▸ Given material:
%%

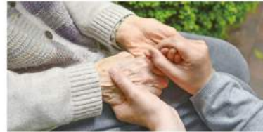
介護休暇・子どもの看護休暇
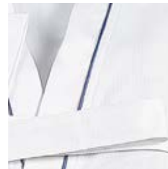
SAPHIR 220 g/m 2 - 220 gsm Col kimono, polycoton Kimono collar, polycotton
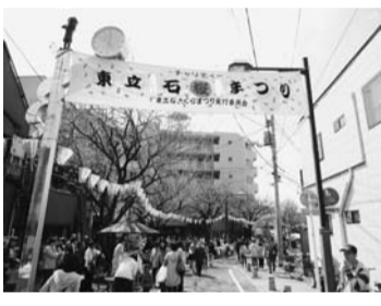
東立石さくらまつり

【配布期間】 4月9日(火)午前9時から なくなり次第終了。 【配布場所・担当課】 立石地区センター

%%

▸ Instructions to follow: Write out the whole listing exactly, and drop the pictures.

▸ Written response:
介護休暇・子どもの看護休暇
SAPHIR 220 g/m 2 - 220 gsm Col kimono, polycoton Kimono collar, polycotton
東立石さくらまつり

【配布期間】 4月9日(火)午前9時から なくなり次第終了。 【配布場所・担当課】 立石地区センター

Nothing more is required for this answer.